╭─ Records provided
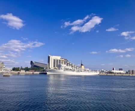 神戸の海を眺めて、いよいよ瀬戸内海の船旅が始まるのだな・・と実感。
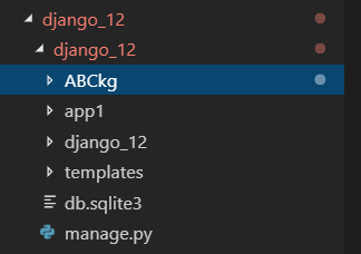在django項(xiàng)目根目錄位置創(chuàng)建scrapy項(xiàng)目,django_12是django項(xiàng)目,ABCkg是scrapy爬蟲項(xiàng)目,app1是django的子應(yīng)用
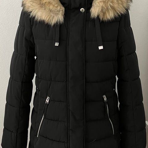 Zara Talvitakki mustassa värissä, naisten koko S. Takissa on vetoketju ja napit edessä. Sisävuori on ruudullinen. Takki on suunniteltu tarjoamaan lämpöä kylmillä säillä.
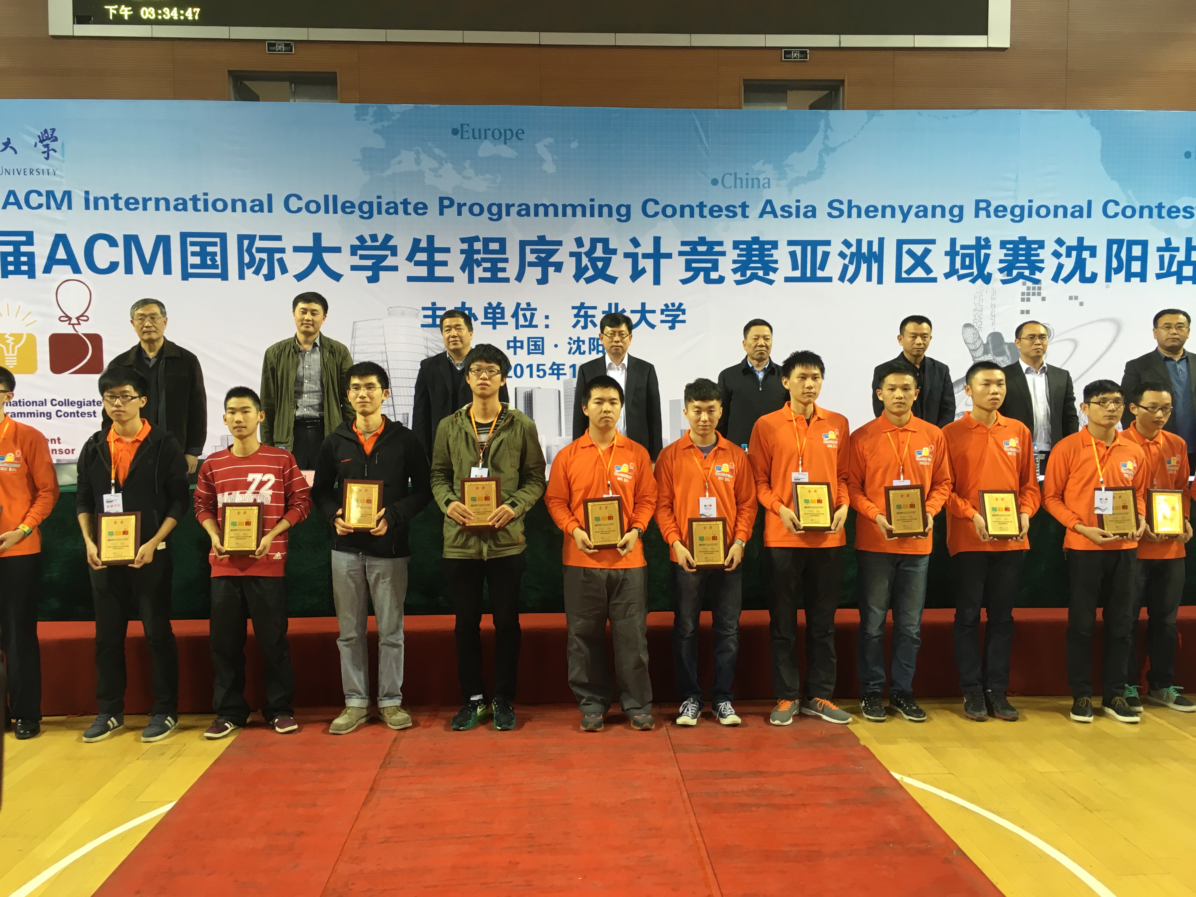 第40届ACM-ICPC国际大学生程序设计竞赛亚洲区沈阳站比赛于2015年10月24日至25日在东北大学刘长春体育馆举行。111所高校的162支参赛队参加了该站的比赛。经过激烈的角逐,共决出金牌17个,银牌34个,铜牌51个。由我校计算机学院2015级本科生邵杰晶、2013级唐敖庆班本科生王心天和软件学院2013级卓越工程师班本科生郭兰哲组成的“三花聚顶”队获得金牌,学校排名第8。
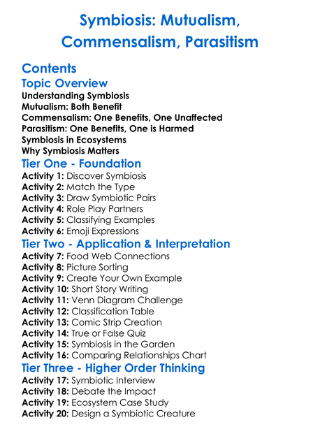 Symbiosis Mutualism Commensalism Parasitism Worksheet Activity Booklet
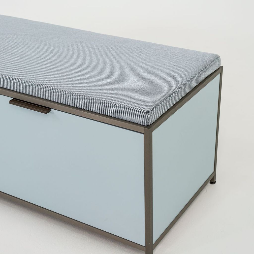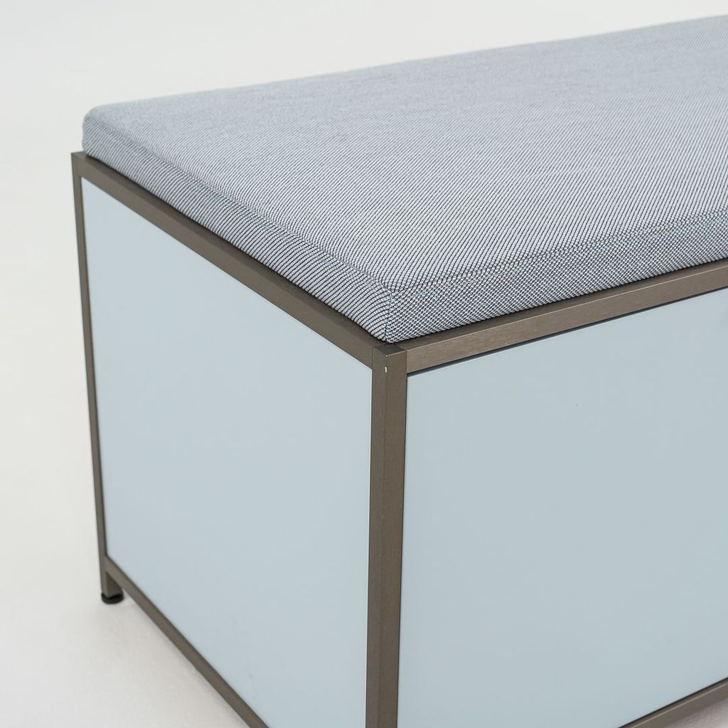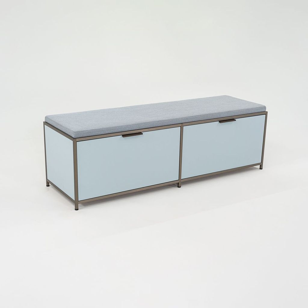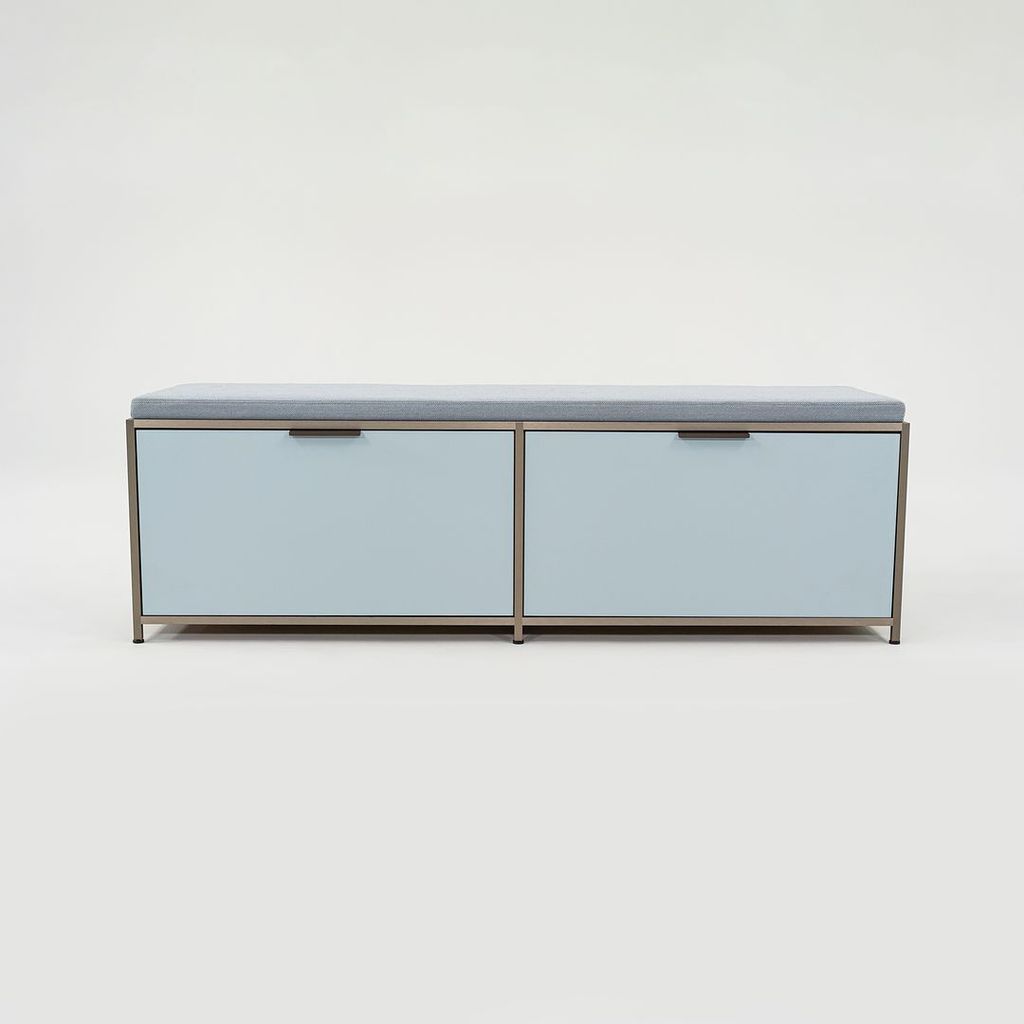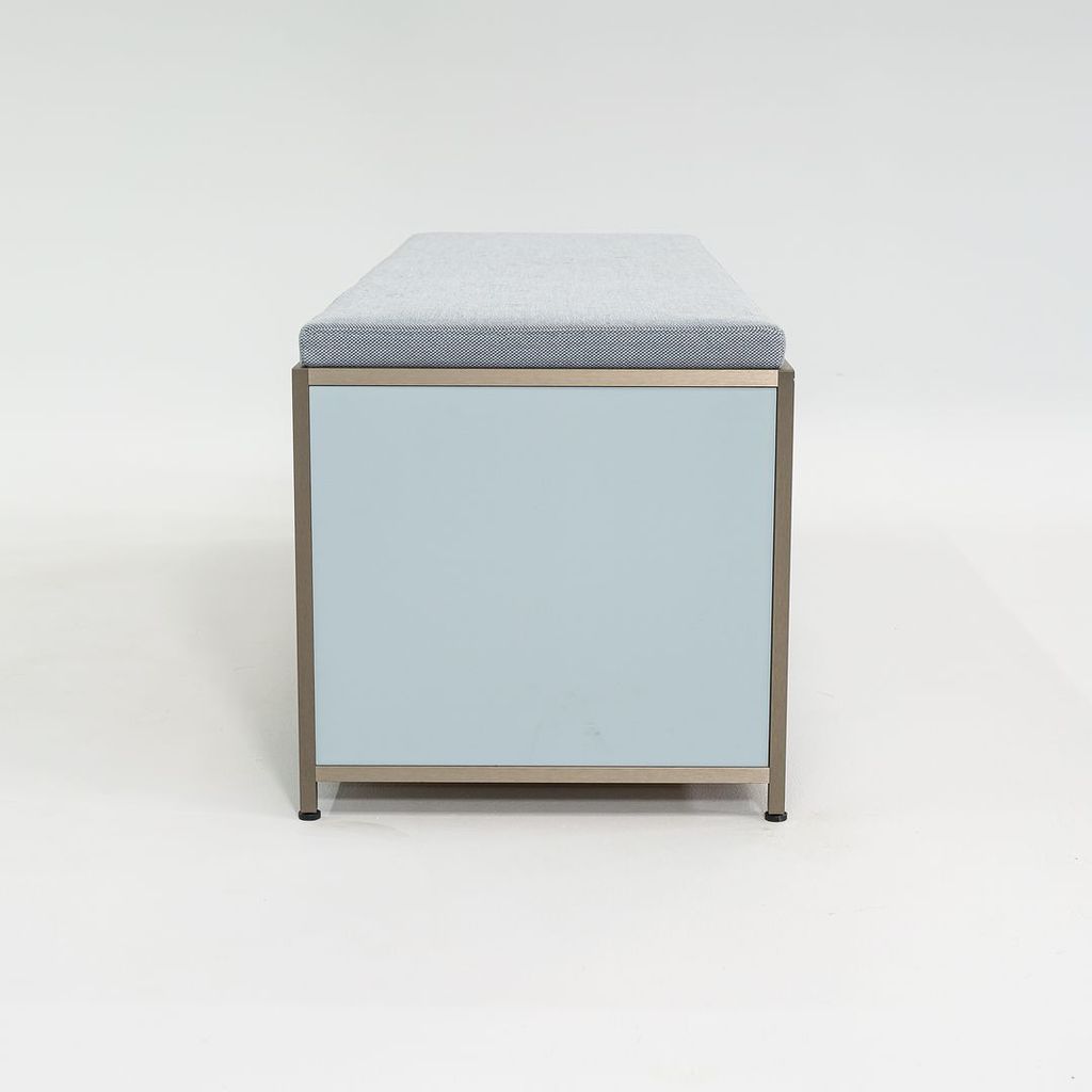 Listed for sale is a Dita Bench Unit with two flap doors. The bench is made of light blue lacquered wood panels and an anodized aluminum frame with a blue grey wool fabric cushion. The bench was designed by Pagnon and Pelhaitre and produced by Ligne Roset in France. It was produced circa 2023 and is guaranteed as authentic. Condition is excellent. See photos. This came directly from Ligne Roset and was likely either used as a display model or was a showroom floor model.
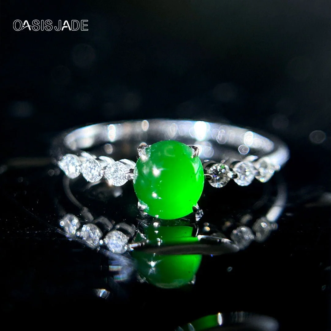 Eastern Popular Jade Gemstone Jewelry Ring 18k Gold Natural Green Jadeite Ring For Women
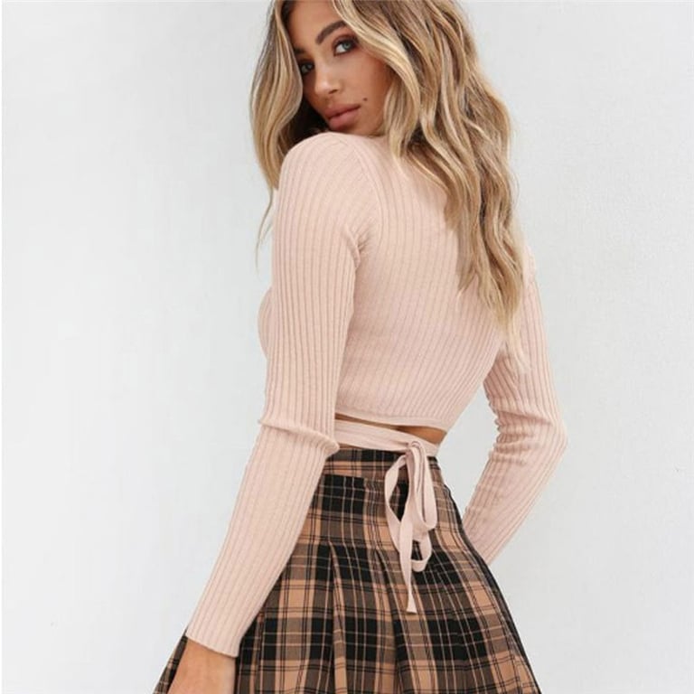 Maglietta crop a righe da donna con maniche lunghe. Con allacciatura a fiocco. Scollatura profonda a V. Disponibile in tre colori.
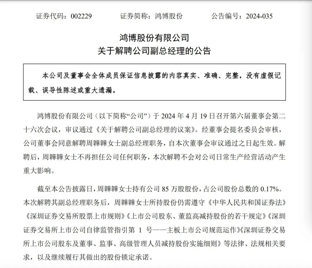 鸿博股份解聘英博数科前CEO周韡韡,图源:公司公告
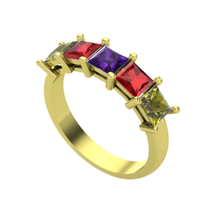 Ametist, garnet ve peridot 8 ayar altın yüzük
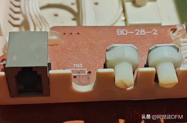 这个地方就是话咪头和电话线接头了,可以说几乎是和上次拆解的座机一模一样。
╰─
Exactly as written, reproduce the lines from the one containing "Eastern Popular Jade" through the last line of the entries above, and leave every picture out.

→ **Response area**:
 Eastern Popular Jade Gemstone Jewelry Ring 18k Gold Natural Green Jadeite Ring For Women
 Maglietta crop a righe da donna con maniche lunghe. Con allacciatura a fiocco. Scollatura profonda a V. Disponibile in tre colori.
 鸿博股份解聘英博数科前CEO周韡韡,图源:公司公告
 Ametist, garnet ve peridot 8 ayar altın yüzük
 这个地方就是话咪头和电话线接头了,可以说几乎是和上次拆解的座机一模一样。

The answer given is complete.